▶
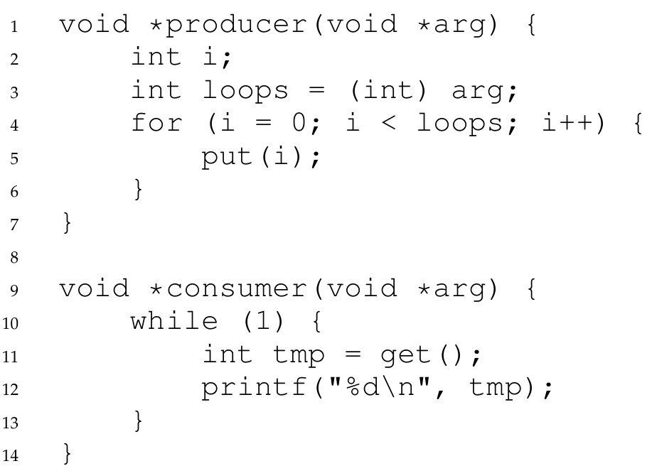 하나 이상의 생산자 스레드, 그리고 소비자 스레드가 있다고 가정해보자.
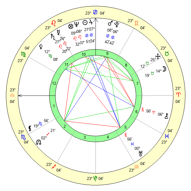 | Sun | 27 Cancer 51 | 29 Cancer 11 | 11 Scorpio 13 |
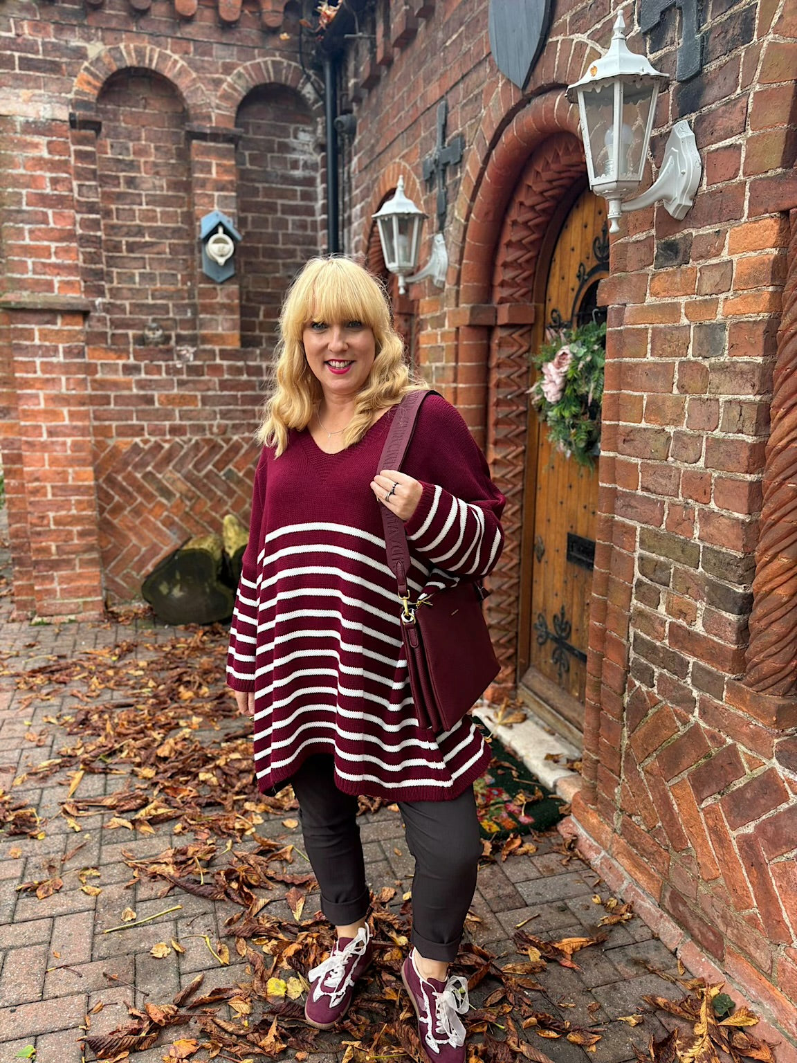 The Stripe Knitted Jumper Anne features an oversized relaxed fit for ultimate comfort, paired with a timeless classic stripe pattern that adds subtle style. Its flattering V-neck design enhances versatility, making it perfect for layering or wearing on its own. This jumper offers both cosy warmth and effortless fashion, supporting your everyday wardrobe needs.
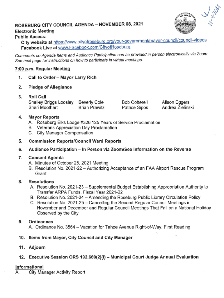 AUDIENCE PARTICIPATION INFORMATION The Roseburg City Council welcomes and encourages participation by citizens at all our meetings, except Executive Sessions, which, by state law, are closed to the
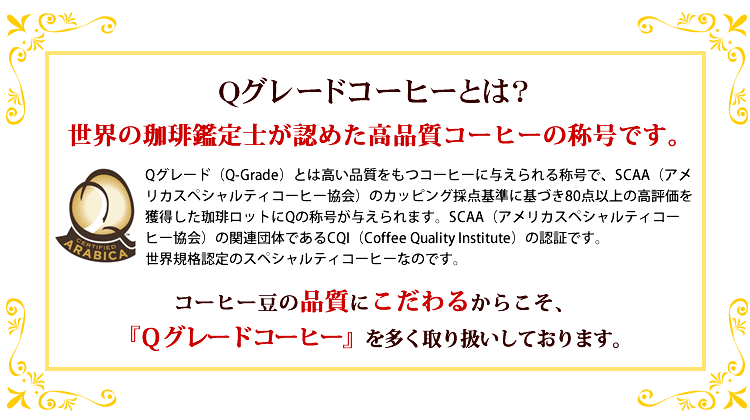 世界の珈琲鑑定士から高い評価を得たコーヒーの称号Qグレードスペシャルティ珈琲をたっぷり約200杯分入り!選りすぐりのQグレードスペシャルティコーヒーで、楽しみと幸せを感じてみませんか?
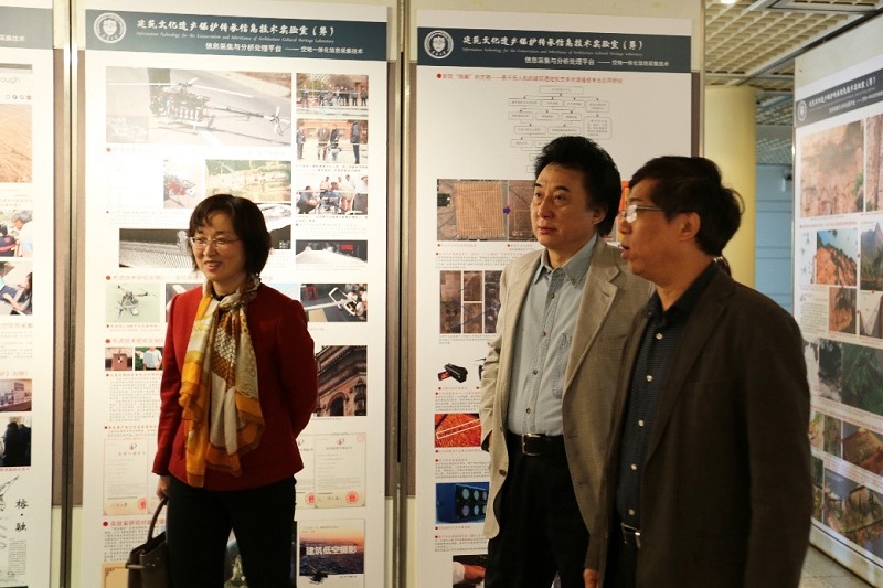 汇报结束后,专家组前往建筑学院二楼展厅参观古建筑测绘和实验室成果展,对文物建筑测绘国家文物局重点科研基地、建筑物理环境与生态技术天津市重点实验室、空-地协同信息技术实验室、数字化设计实验室、虚拟现实实验室、六合建筑工作室等实验场所进行现场考察和询问,查看了文化遗产数据库建设和各类信息技术的应用情况。
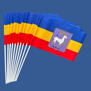 Флаги доступны в восьми вариантах размеров - от больших знамен 140х210 см, до маленьких флажков 15х23 см.
◀
What this task involves:
Pictures are not part of the copy. Reproduce the lines from the one with "世界の珈琲鑑定士から高い評価" through the end of the listing above.

Result of this exercise:
 世界の珈琲鑑定士から高い評価を得たコーヒーの称号Qグレードスペシャルティ珈琲をたっぷり約200杯分入り!選りすぐりのQグレードスペシャルティコーヒーで、楽しみと幸せを感じてみませんか?
 汇报结束后,专家组前往建筑学院二楼展厅参观古建筑测绘和实验室成果展,对文物建筑测绘国家文物局重点科研基地、建筑物理环境与生态技术天津市重点实验室、空-地协同信息技术实验室、数字化设计实验室、虚拟现实实验室、六合建筑工作室等实验场所进行现场考察和询问,查看了文化遗产数据库建设和各类信息技术的应用情况。
 Флаги доступны в восьми вариантах размеров - от больших знамен 140х210 см, до маленьких флажков 15х23 см.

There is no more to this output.